The legal status of the project is also unresolved. claw-code claims clean-room status as its defense against Anthropic’s DMCA pressure — it’s a rewrite, not a copy of the leaked source — but that legal question isn’t settled. If you’re building something for a client or at scale, factor that uncertainty is.

What Requires Manual Testing

Before trusting this workflow in production, you should manually verify:

Polling timeout behavior: The 5-second polling interval I’m using is conservative. Test with your actual video model and length to tune max_wait.
Tool registration: claw-code’s tool registry is in active development. The exact registration API may shift between commits — check the repo’s CHANGELOG before pinning a version.
Permission context: claw-code implements permission-gated tool execution. Confirm that your generate_image and generate_video tools are granted the correct access level in permissions.py.
Response schema changes: WaveSpeed occasionally updates model output schemas. Add validation around the output URL field rather than assuming structure.

FAQ

Q: Can claw-code call image generation APIs natively?

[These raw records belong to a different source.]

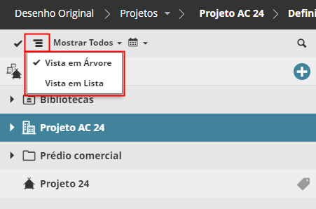 Nas páginas Projetos e Servidores: Visualizar itens em uma exibição em Árvore hierárquica ou em uma lista plana.
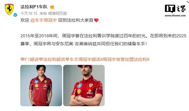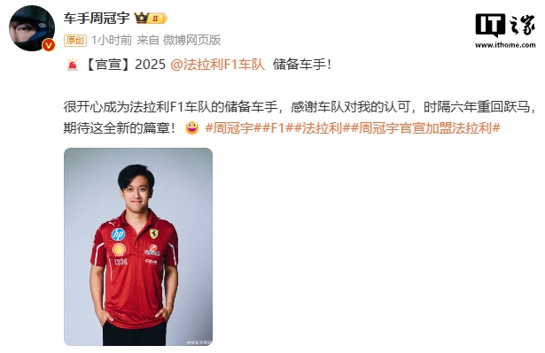 IT之家 2 月 5 日消息,中国首位 F1 车手周冠宇今日官宣成为 2025 法拉利 F1 车队储备车手:“很开心成为法拉利 F1 车队的储备车手,感谢车队对我的认可,时隔六年重回跃马,期待这全新的篇章!”
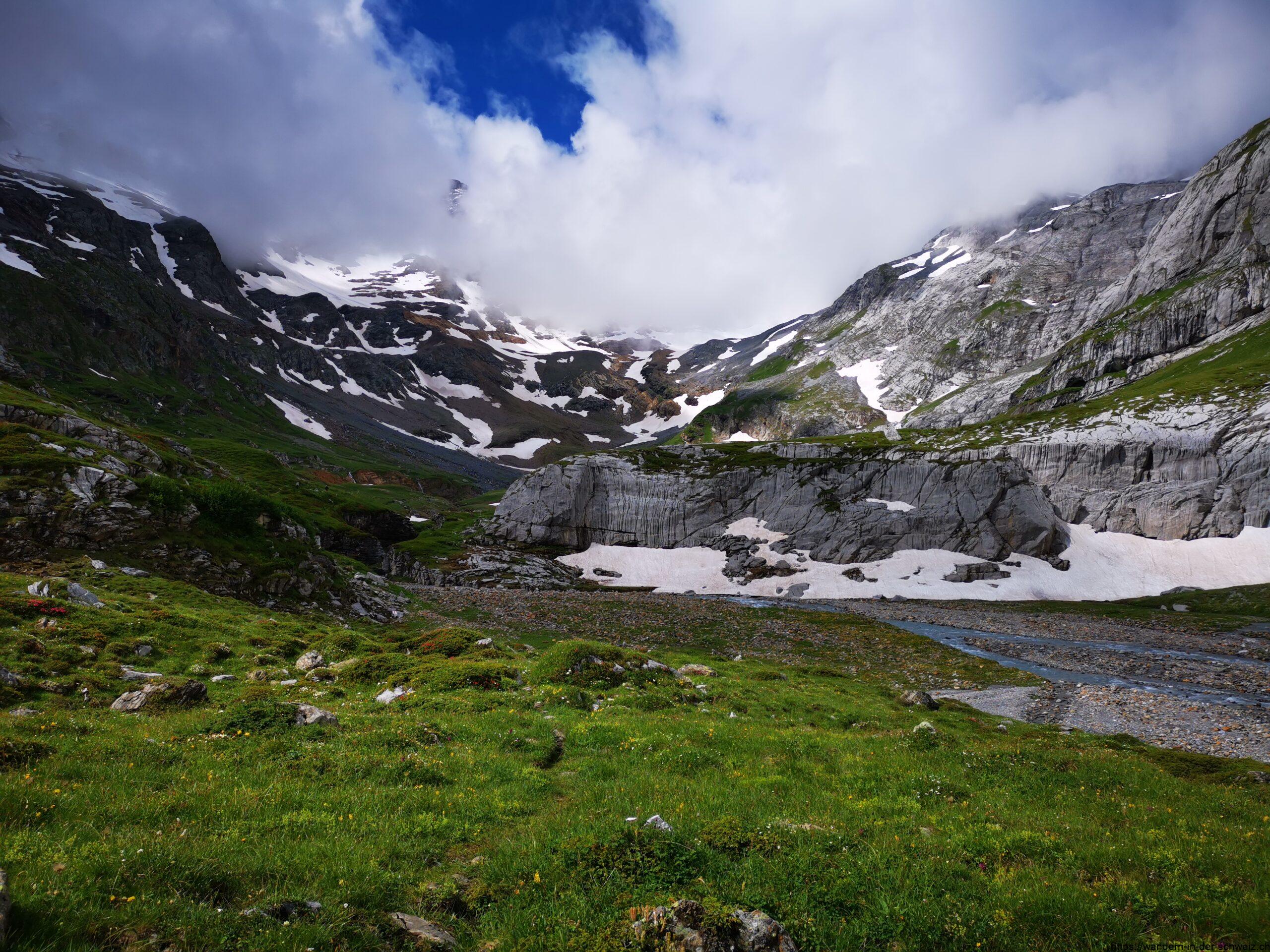 Entlang des Oberstafelbachs folgt man ab Ober Sand dem rot-weissen Wanderweg bis zum Sandpassweidli. Die Alp kann man nicht verfehlen und dahinter präsentiert sich eine malerische Landschaft. Der Aufstieg zur Planurahütte beziehungsweise zu den Saurierspuren verläuft zuerst gemütlich über die Wiese bevor es dann steiler wird. Es dauert nicht lange bis das Gras durch Stein abgelöst wird. Hier an diesem Übergang habe ich endlich Edelweiss am Wegesrand entdeckt – die ersten überhaupt!

Not out of the box — there’s no built-in WaveSpeed or image generation tool in the default install. But the tool system is designed for exactly this kind of extension. Once you register a custom tool with the correct JSON schema (as shown above), the agent can call it autonomously within any session.

Q: Does claw-code support async tool calls?

The Python harness handles tool execution synchronously within the agent loop. For async generation (like video models), the pattern I’d recommend is: fire the initial request, get the request_id, then poll inside the tool’s execute function until completion before returning to the agent. This keeps the agent’s reasoning linear and avoids race conditions in the session state.

Q: Is this workflow production-ready?

Honestly? Not yet, for most teams. claw-code is moving fast but carries legal uncertainty and hasn’t been hardened for production-scale agentic use. The WaveSpeed API side is production-ready — 99.99% uptime SLA, no cold starts, per-second billing — but the claw-code harness wrapping it is still early-stage. I’d use this for internal tooling, prototyping, and exploration right now, and revisit for client-facing production once the project stabilizes.